- _WHAT TO PRODUCE_
Find the line that contains "For ten thinkers- five" in the records below, then repeat exactly that line and each one after it, leaving pictures out.

- _DATA RECORDS_
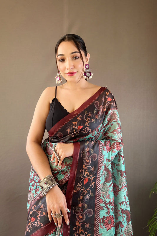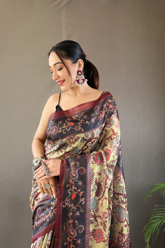 Butterscotch Yellow Italian Digital Printed Cotton Saree
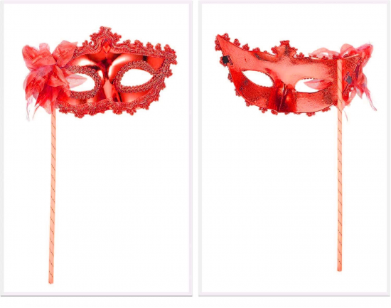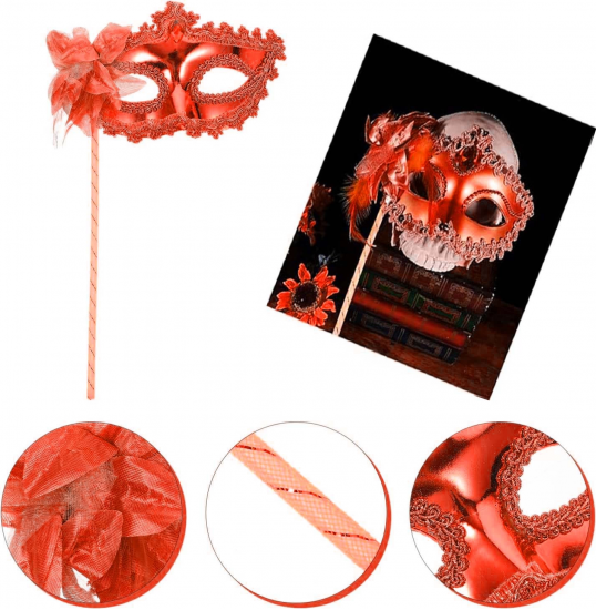 Kırmızı Işıltılı Tutmalı Fotoğraf Çekimi Maskesi 18x29 Cm
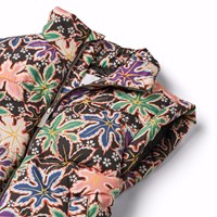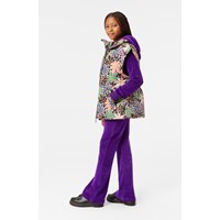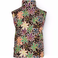Quilted vest in recycled polyester with a beautiful multicoloured print of maple leaves in various colours. The vest has a stand-up collar, front zip, and large armholes, allowing for a jacket or thick sweater to be worn underneath. It has front pockets and an internal waist elastic, which helps to create a flattering silhouette. The water-repellent surface is free from PFOS and PFOA.
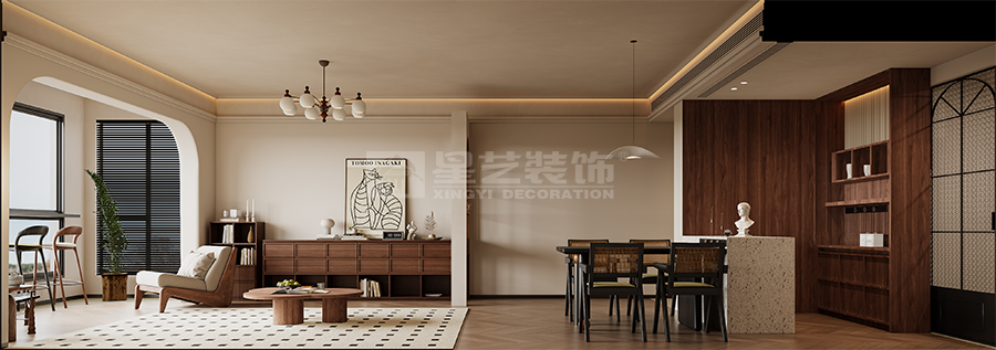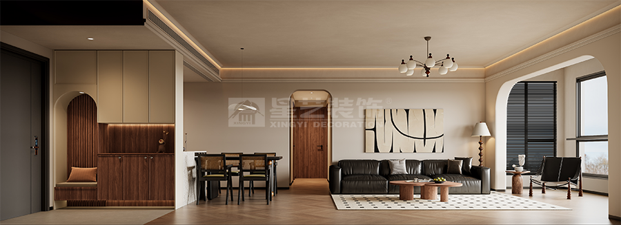 业主为:材料商南方布艺风老板, 自己有装修材料和施工队的,但是依然坚定的选择了星艺,是对行业标杆的肯定和自住项目的高要求,还有对设计格调的追求 业主两夫妻和二岁女儿,喜欢中古风,松弛而不失精致的感觉,喜欢在休闲的午后,光脚踩在木地板和窝在沙发的感觉,对材料和软装的品质,有较高的要求,尤其对灯光和层高有要求,本案采用悬浮式免吊顶带灯型材,实现了悬浮顶的灯光效果,搭配俯瞰江景的提升窗吧台,业主喜欢西式的设计,但是也遵循传统风水,做了隔断的设计,整体风格感突出,
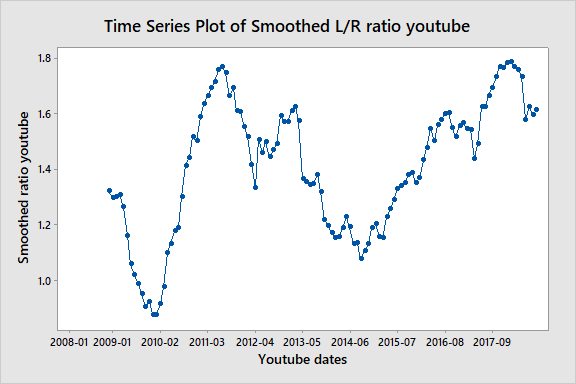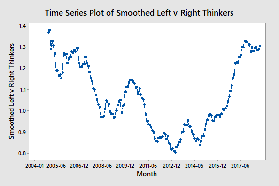 For ten thinkers- five left and five right: Marx, Kropotkin, Engels, Luxembourg and Bakunin versus Burke, Mises, Hayek, Rand and Chesterton I took the popularity level, relative to each thinker’s maximum popularity, at any given point in time between 2004 and 2018. I then took the median left-wing thinker popularity and the median right-wing thinker popularity (relative to their maximum) at any given moment and expressed it as a ratio of one over the other. The median was chosen because individual thinkers experience enormous fluctuation in interest due to new stories etc. It’s important to be clear that even more so than the other techniques, this approach cannot tell us who is winning, only what the best periods for each side are, and only then if our sample of thinkers is adequate. Here’s what I found:
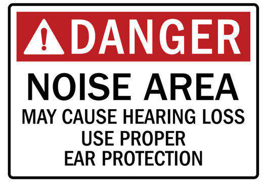 Hearing protection sign noise area may cause hearing loss. Use proper ear protection
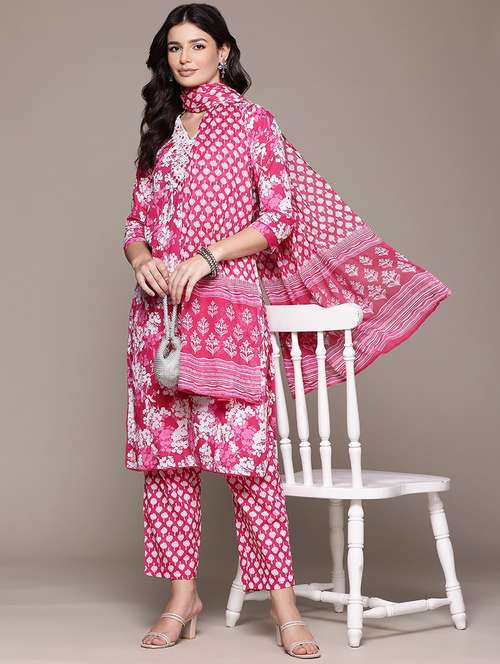 - Find gorgeous sets of ethnic wears in trending designs in pink colors suitable for casual wear of occasions.

- _ANSWER FOR THIS EXERCISE_
 For ten thinkers- five left and five right: Marx, Kropotkin, Engels, Luxembourg and Bakunin versus Burke, Mises, Hayek, Rand and Chesterton I took the popularity level, relative to each thinker’s maximum popularity, at any given point in time between 2004 and 2018. I then took the median left-wing thinker popularity and the median right-wing thinker popularity (relative to their maximum) at any given moment and expressed it as a ratio of one over the other. The median was chosen because individual thinkers experience enormous fluctuation in interest due to new stories etc. It’s important to be clear that even more so than the other techniques, this approach cannot tell us who is winning, only what the best periods for each side are, and only then if our sample of thinkers is adequate. Here’s what I found:
 Hearing protection sign noise area may cause hearing loss. Use proper ear protection
 - Find gorgeous sets of ethnic wears in trending designs in pink colors suitable for casual wear of occasions.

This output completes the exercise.